Q3 [12% of total mark]

(a) Use a single tidyverse function you were taught to remove the judge and audience columns

from d and assign the result to a new tibble called dshort. Make sure that the top rows of dshort

are visible in the knitted Markdown.

(b) Use tidyverse function(s) you were taught in Week 3 to transform dshort so that it looks like

the tibble in the screenshot below. (Don’t worry if the order of the rows/columns is different, but

there should be the same number of rows and columns with the same values). Assign the result to a

new tibble called d2. Make sure that the top rows of d2 are visible in your knitted Markdown.

(c) Why did we have you perform the transformation in (b) using dshort instead of d? In other

words, what happens if you were to do it on d, and why does this happen? You do not need to show

any code or output to get full marks on this question but you can if you want to. If you do, be sure

to refer to the code or output in your answer so it is clear why/how it is relevant.

[Suggested word count: 100]

(d) Use your d2 tibble to determine if anybody broke either of the two rules of the talent show that

are explained in the description for level in Table 1. For each rule, you should include code that

identifies individuals that broke this rule – don’t just look at the tibble manually to find them. In

your answer, be sure to list everyone who broke a rule along with what rule(s) they broke. If you did

not succeed in creating d2 in part (b), you can use the tibble called d3b that has already been

loaded for you.

Q4 [7% of total mark]

(a) Change d so that the order of the name variable in it is alphabetical. Make sure that the top

rows of d are visible in the knitted Markdown.

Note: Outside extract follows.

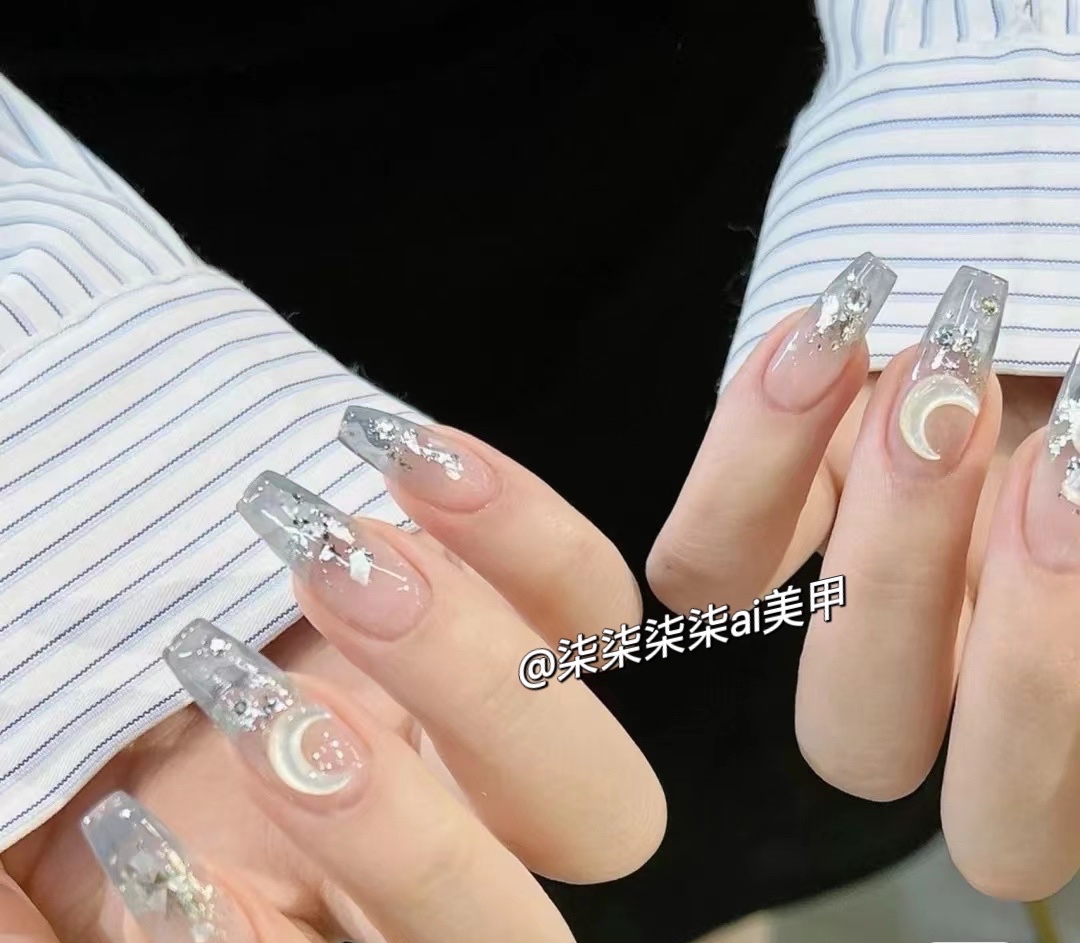 #美甲分享 白月光美甲 渐变钻钻美甲

(b) One of the tibbles that has already been loaded for you is called dd. It contains the same data as

d in the columns name, level, and talent (i.e., the same people and performances) but contains a

new variable. A full explanation of the variables in dd is shown in Table 2.

Page 6 of 11

Combine d and dd together using the function full_join(). We have not taught you this function

so you will need to use your investigative skills to look it up and play around with it until you have

figured it out. Assign the combined dataset to a new tibble called d_full, and make it so the top

rows of d_full show up in the knitted Markdown. It should look like the screenshot below (rows

may be in a different order, but the column order, column names2, size of the tibble, and data in

each cell should be the same).

(c) The code given in the chunk here combines two tibbles by using the function cbind() rather

than the function full_join(). The output has been assigned to a tibble called dc whose output in

the console is shown below. Based on a comparison of dc and d_full, describe two major

differences between what cbind() and full_join() do, making clear reference to the parts of the

tibbles that illustrate each difference. Finally, explain why these differences have occurred: how

exactly cbind() combines tibbles that is different from how full_join() combines tibbles.

[Suggested word count: 90]

2 Note that if you did not succeed in Q1(c) in renaming kind to species, your tibble here will have a column

called kind instead. That is fine; you will only be penalised for this in Q1(c) and can still obtain full marks in

Q4(b).

Page 7 of 11

Q5 [15% of total mark]

(a) A tibble has been loaded for you called df, which is the same as d_full. We are providing you

with df here in case you weren’t able to create d_full in Q4(b). Use the mutate() function along

with case_when() to make a new character variable in df called durType. [Note: We have not

taught you case_when()]. The value of durType is "long" if duration is more than 10, "short" if it is

less than 5, and "medium" otherwise. Be sure to show the top of df in the knitted Markdown.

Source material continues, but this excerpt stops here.